Klienci spółki mają na obecnym etapie roszczenia jedynie wobec spółki, a nie wobec jej prezesa. Dochodzenie roszczeń od zarządu staje się możliwe dopiero po bezskutecznej egzekucji z majątku spółki. Z tego względu wierzyciele muszą najpierw wyczerpać środki egzekucyjne, np. poprzez zgłoszenie wierzytelności w postępowaniu upadłościowym, a jeżeli nie zostaną zaspokojeni w tym trybie, będą mogli ich dochodzić bezpośrednio od prezesa. Zaspokojenie z majątku osobistego prezesa byłoby także możliwe, gdyby został na niego nałożony obowiązek naprawienia szkody w postępowaniu karnym, jednak najpierw musiałoby dojść do skazania.
Afera Grobelnego np. pokazała, że oddzielenie pieniędzy spółki od pieniędzy jej szefa może być trudne. Czy syndyk podejmie jakieś działania w tej sprawie?
Z pewnością tak, jednym z podstawowych obowiązków syndyka jest ustalenie, co wchodzi w skład masy upadłości, tj. majątku spółki, z którego będą zaspokajani wierzyciele. Syndyk analizuje także transakcje dokonywane przez zarząd upadłej spółki po to, żeby ustalić, czy majątek spółki nie był z niej wyprowadzany i czy nie zachodziły nieprawidłowości w tym zakresie. Jeżeli uzna, że jakieś czynności zostały dokonane z pokrzywdzeniem wierzycieli, będzie mógł podjąć działania zmierzające do uznania ich za bezskuteczne, a tym samym do odzyskania tego, co wskutek tych czynności wyszło z majątku spółki. Uprawnienia te są dosyć szerokie, a ponadto wszelkie wątpliwości powinny być rozstrzygane na korzyść masy upadłości.
Co wierzyciele mogą robić w okresie po zgłoszeniu upadłości a przed jej ogłoszeniem?

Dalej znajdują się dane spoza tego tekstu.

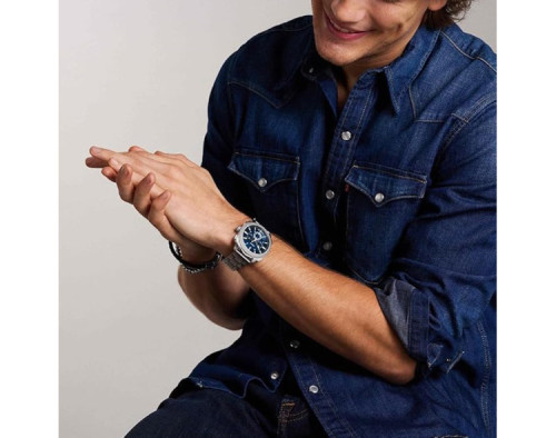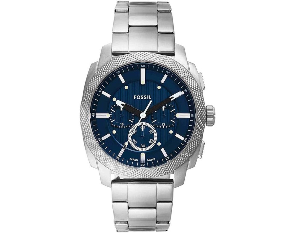 Orologio da polso Fossil Machine FS6096 Cronografo Uomo con movimento Al quarzo, cassa in Acciaio inossidabile di diametro 44 mm, quadrante Blu, vetro Minerale e cinturino in Acciaio inossidabile di colore Argento.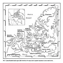Queen Elizabeth Islands region (QEI) divided into five major areas by apparent importance to arctic-island wolves.[9][10]
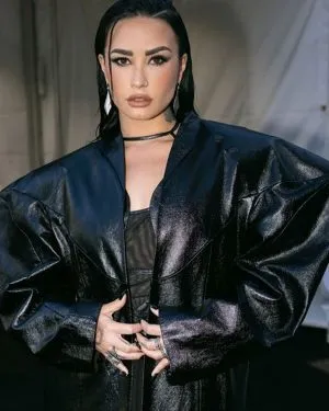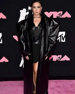 VMAs 2023 Demi Lovato Black Leather Coat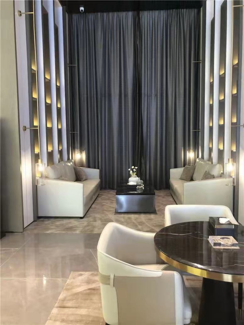 西安高新某售樓部桌椅展柜沙發定制完工
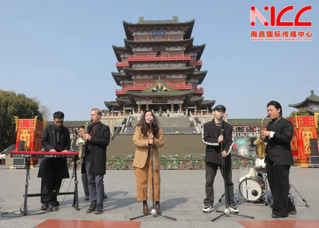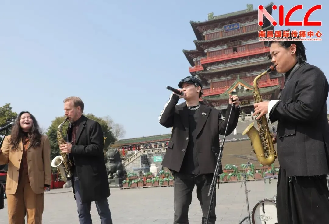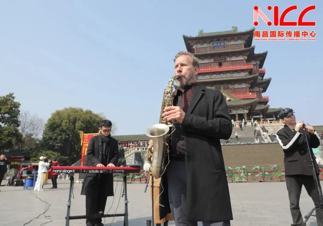 古阁飞檐下,金色的萨克斯吹奏出的悠扬音符在春风中流淌——3月10日,滕王阁前,一场跨越时空与文化的音乐对话热情上演。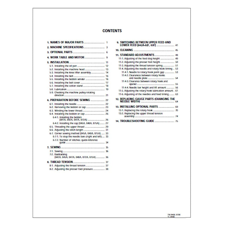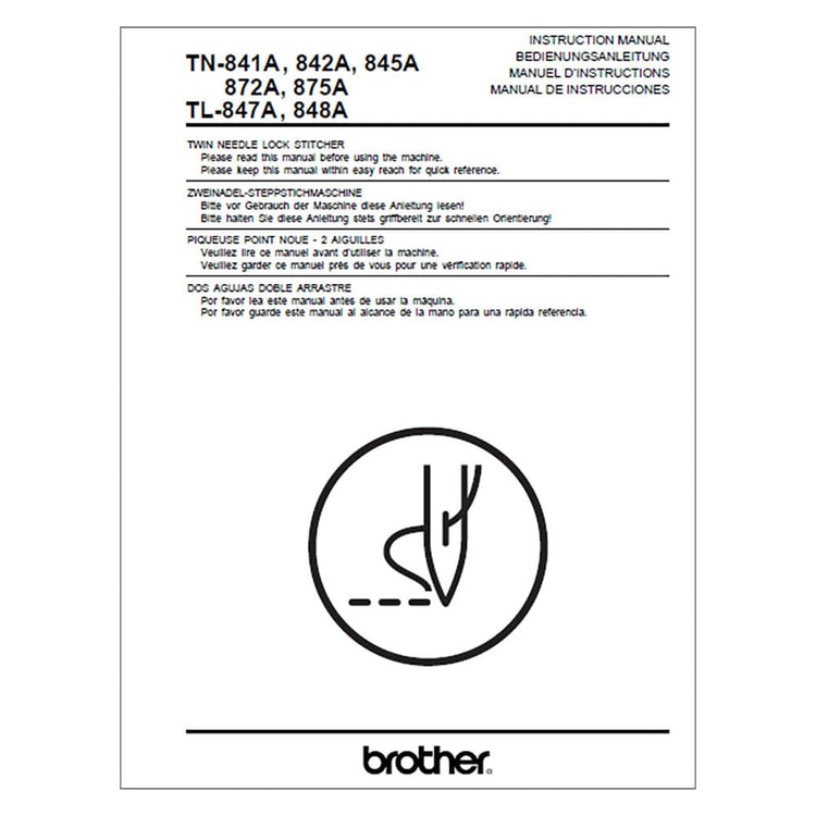 Brother TN-842A Sewing Machine Instruction Manual (Model 841A/842A/845A/847A/848A/872A/848A) - 98 Pages. Lost your sewing machine's manual? We've got you covered! This instruction manual is the ultimate guide to unlock the full potential of your Brother TN-842A. No more confusion or frustration—just clear, concise instructions right at your fingertips. What's inside? Everything you need to know from setting up to mastering your sewing machine and all its features.
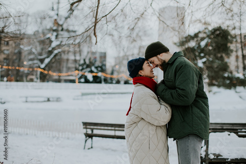 couple, winter, snow, park, tree, love, affection, joy, people, human relationships, romance, together, moment, holiday lights, cold, snowflake, happiness, sharing, connection, smile, hugs, bright, season, fun, sunrise, engagement, attraction, playful, warmth, dating, intimacy, casual attire, young, standing, scenery, friendship, bonding, leisure, togetherness, beauty, evening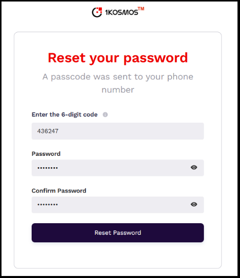 In the Reset your password page that is displayed, enter the passcode received in your phone, and then enter the new password; Click Reset Password. The UI notifies you that your password has been reset and you can click Return to Login page to login to your tenant with the new password.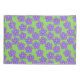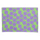 Esta funda de almohada tiene un diseño primaveral de un campo de flores periwinkle sobre un fondo verde.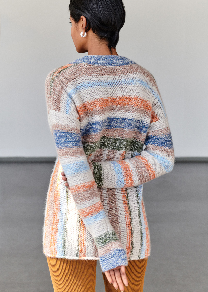 Lana Grossa „Setasuri“ (69 % alpacka (Suri), 31% silke, löplängd 212 m/25 g), 125 (150 – 150) g Creme (färg 2); Lana Grossa „Ecopuno“ (72 % bomull, 17 % ren ny ull (merino), 11 % alpacka (baby), löplängd 215 m/50 g), 100 (100 – 150) g Silbergrå (färg 45) , 100 g kamel (färg 32), 50 g loden (färg 1), 50 g jaffaorange (färg 5) , 50 g himmelsblå (färg 69) , 50 g mörkblå (färg 76); stickor nr. 4 och 4,5; 3 duffelknapp (längd 4 cm)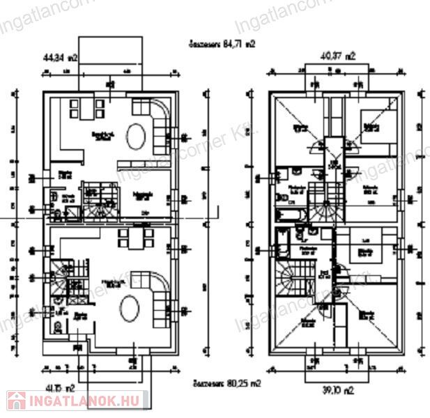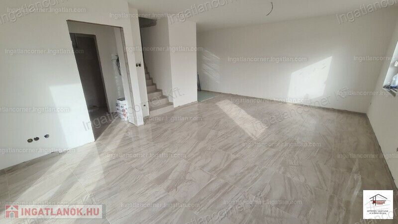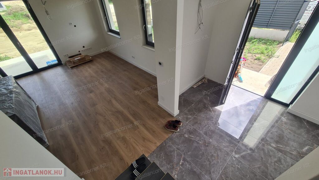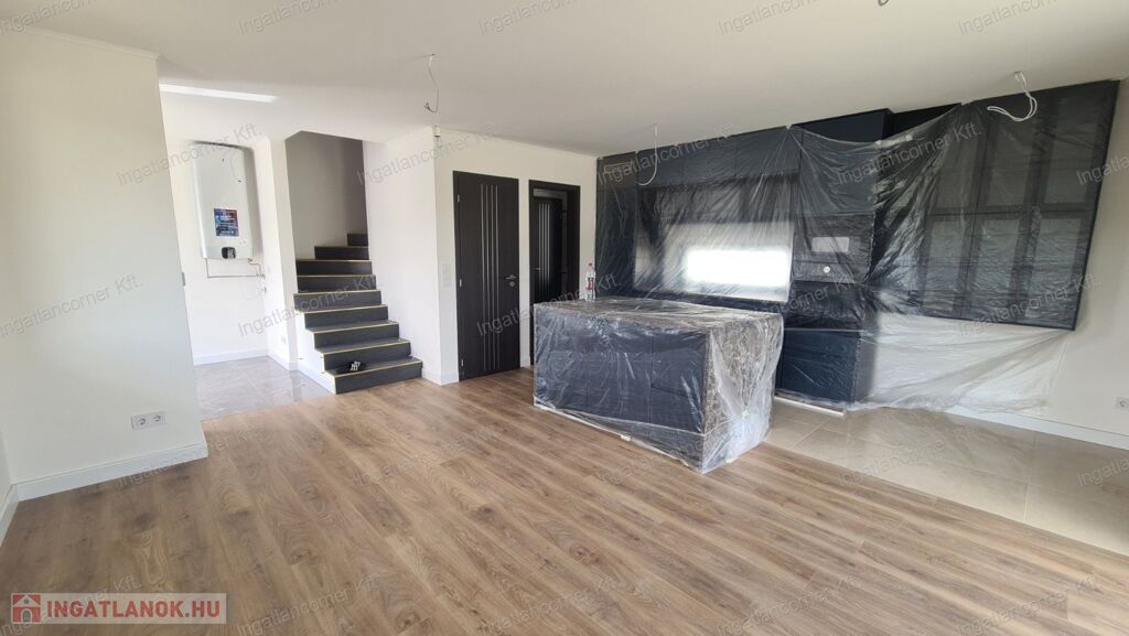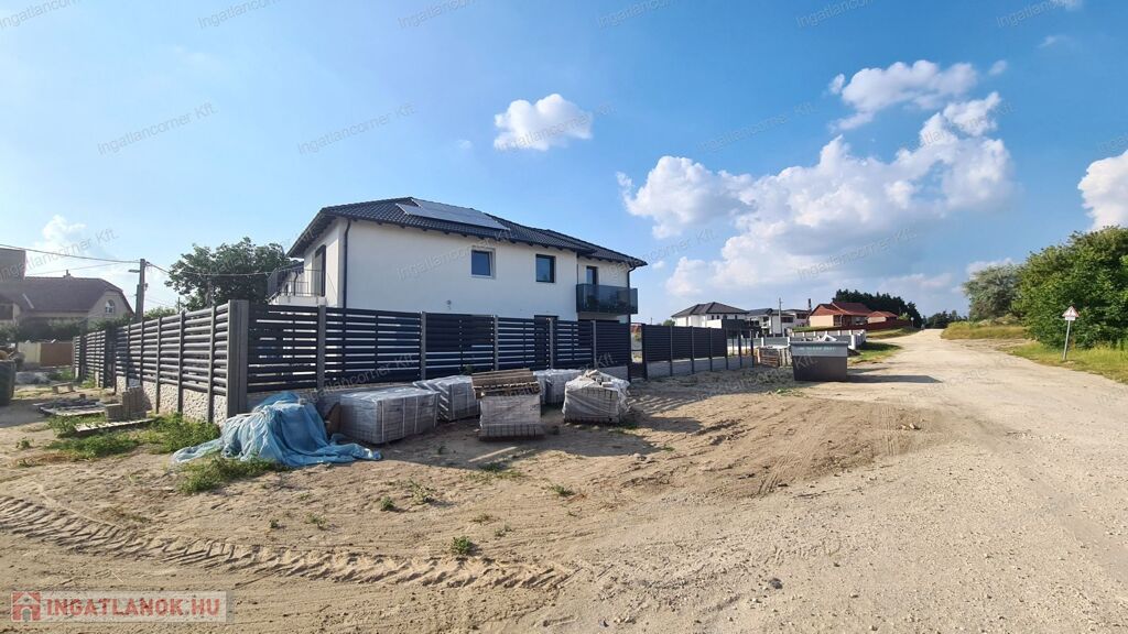 Az ingatlan első lakása alapterülete 86 m2 +5 m2 erkély, telekméret 205 m2 104 M Ft.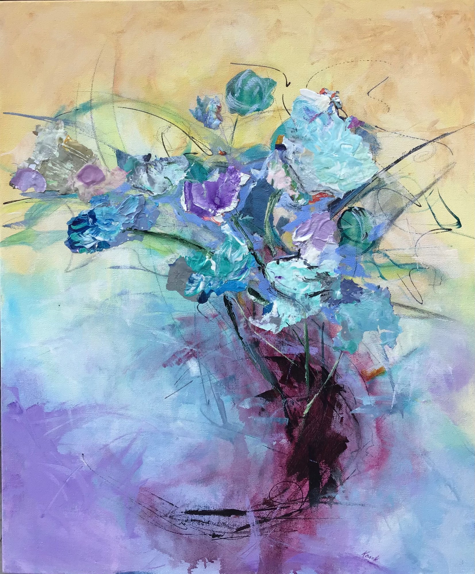The dawn of spring elicits exuberant spirits along with breezy florals. This piece uses acrylic skins as the blossoms for texture and dimension.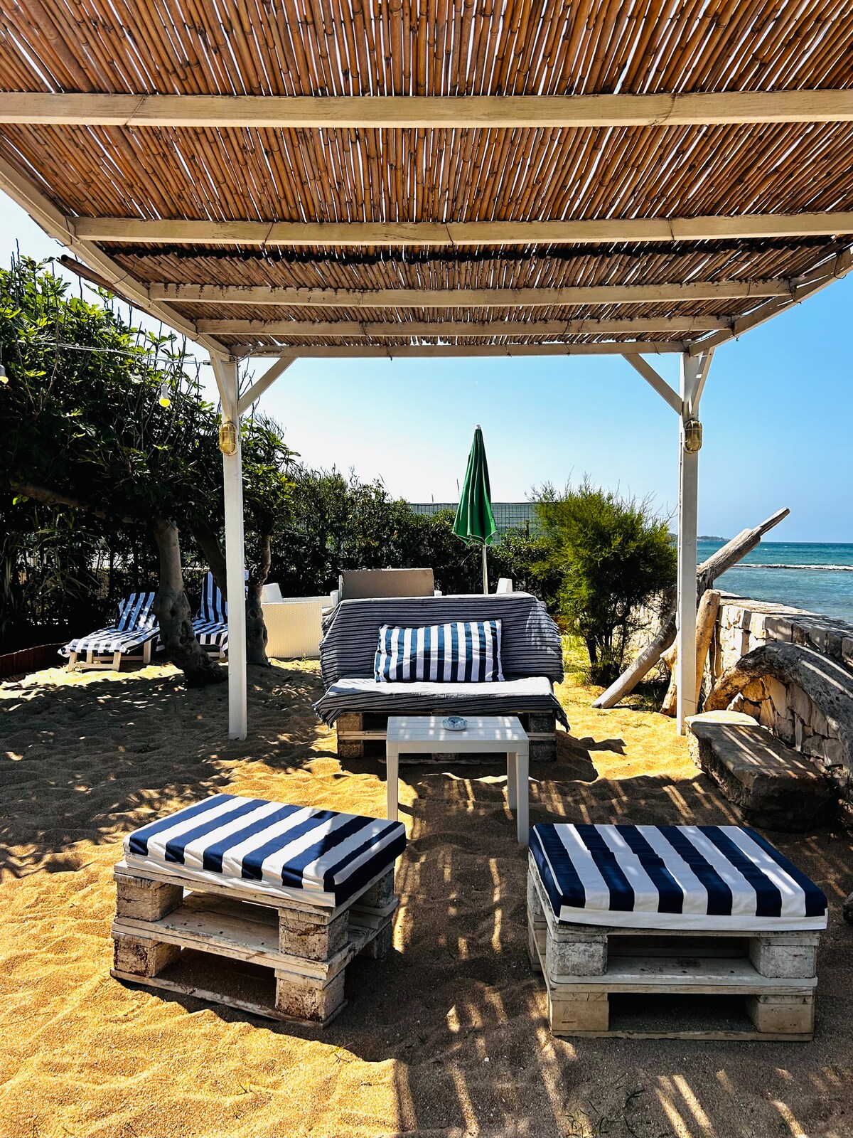 Apartemen beberapa langkah dari laut lengkap dengan segala kenyamanan termasuk parkir pribadi gratis. Apartemen ini memiliki kamar tidur dengan tempat tidur double, tempat tidur bertingkat, dan tempat tidur single. Apartemen ini juga memiliki dua kamar mandi dengan shower luar ruangan. Rumah ini berlokasi di kompleks dengan apartemen mini terdekat hanya dengan gerbang masuk utama. AC tersedia.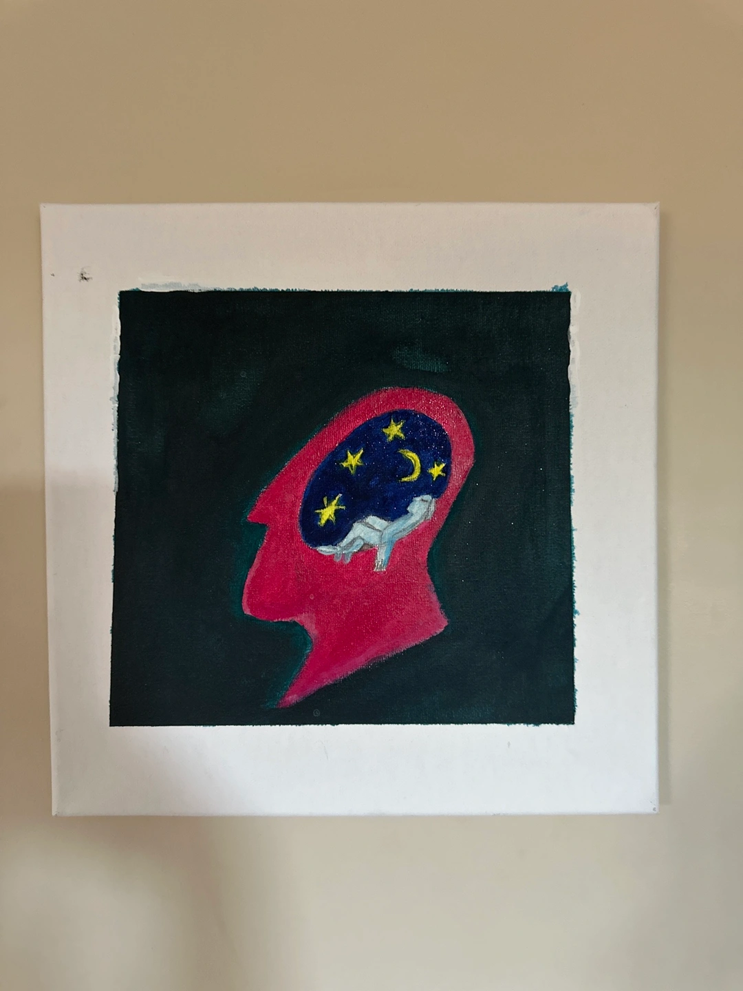 A painting depicting a head in silhouette with a night sky inside. A crescent moon and stars are painted inside the head. This is a great piece of art for a bedroom or living room.

Dopiero w postanowieniu o ogłoszeniu upadłości sąd wzywa wierzycieli do zgłoszenia swoich wierzytelności w wyznaczonym terminie. Termin ten jest nie krótszy niż miesiąc i nie dłuższy niż trzy miesiące. Do tego czasu, a zatem przed ogłoszeniem upadłości spółki, wierzyciele powinni zgromadzić całą dokumentację, a więc umowy, korespondencję ze spółką etc., która pozwoli im udokumentować w zgłoszeniu zarówno istnienie samej wierzytelności, jak i jej wysokość.